她吸了吸鼻涕,淚水恰到好處地滑落。
她連忙抽出手帕拭淚,借機觀察江柚白反應。
男人依然麵無表情,隻是眉頭幾不可察地蹙了蹙。
沉默如濃霧般彌漫。
李雲初能聽見自己血液奔流的聲音。
就在她以為要撐不下去時,江柚白突然放下了茶盞。
“哢嗒”一聲,在寂靜中格外刺耳。
“李昭。”他直呼其名,聲音冷得像淬了冰,“若讓我發現你有一句虛言……”
他傾身向前,那股清冷的藥香瞬間籠罩了她。
李雲初下意識後仰,後背抵上了椅背。
“我會讓你知道……”他抬手,冰涼的指尖輕觸她脖頸跳動的血管,“什麼叫求生不得,求死不能。
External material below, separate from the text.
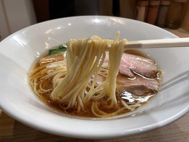 スープはさらさらの清湯醤油味。豚、鶏、煮干し、節系などの食材で摂った無化調無添加スープ。タレは5種類の醤油をブレンド。動物・魚介のバランスが秀逸で、出汁の輪郭がくっきりと鮮やかに鮮明に立体的に迫って来ます。惚れ惚れするような深みと旨味があって、もう一口あと一口とレンゲが止まりません。初日の一杯目でこのクオリティ、ほんとレベル高し。すごく美味しい!

”
李雲初呼吸一滯。
那隻手隻需稍稍用力就能掐斷她的脖子。
但他眼中的神色,讓她不由得身子一僵。
那神色不是憤怒,而是一種近乎殘忍的興味,仿佛貓戲老鼠般的愉悅。
“求生不得,求死不能?”李雲初輕笑一聲,脊背挺得筆直,繡著金線的衣領襯得她脖頸如天鵝般優雅而倔強,“侯爺儘管查,我身正不怕影子斜。”
江柚白眯起眼睛,尋常閨秀聽到這樣的威脅早就嚇得發抖,眼前這人卻還敢昂著下巴看他。
陽光透過窗紗在她臉上投下細碎的光斑,那雙眼睛裡閃爍的竟是一絲……挑釁?
“淩雲。”江柚白緩緩鬆手,手指在案幾上輕叩兩下。
“送十九公主回宮。”
李雲初挑眉,看來這一關是過了!
她優雅起身,裙裾如流水般拂過青磚地麵。
走到門邊時,她忽然駐足,側臉在光影交錯中顯得格外柔和。
“侯爺。”她沒有回頭,聲音輕得幾乎聽不見,“好生照顧自己的身子,人是鐵飯是鋼。”
門扉開合間,那一縷若有若無的梨花香也隨之消散。
江柚白盯著方才她站過的地方,眉頭幾不可察地擰了擰。
“主子,要派人跟著嗎?”淩雲低聲詢問,手中茶壺懸在半空。
江柚白收回目光:“派影衛十二時辰盯著,一舉一動都要回報。”
“您不信她剛剛說的?”淩雲忍不住問道,隨即意識到逾矩,連忙請罪,“屬下多嘴。”
“本侯隻信證據,不信巧言令色。”他指尖輕點桌案上剛送來的密報,“西糧倉失火,山賊剛好那夜入城,所有的事情發生的太過巧合就算了,我們目前得到的這些證據也太過完美……”
他忽然冷笑一聲,將密報扔進香爐。
火舌瞬間吞沒了絹紙,映得他眸中一片猩紅。
“完美的像是早就備好,專等我們去查。”
淩雲瞳孔微縮:“您是說這一切都是有人在背後推動?”
江柚白沒有直接回答。
他望向窗外,李雲初的馬車正駛過長街。
暮色中,那抹黛青色的車簾微微晃動,似有目光從中透出。
“去查查那夥山賊。”
“屬下這就去辦。”
窗外,最後一線夕陽沉入遠山。
一場更大的風暴,正在這看似平靜的暮色中醞釀。
馬車內。
李雲初望著暮色中的長安街,突然開口道:“那夥山賊,該處理乾淨了。”
玲瓏神色一凝:“是!”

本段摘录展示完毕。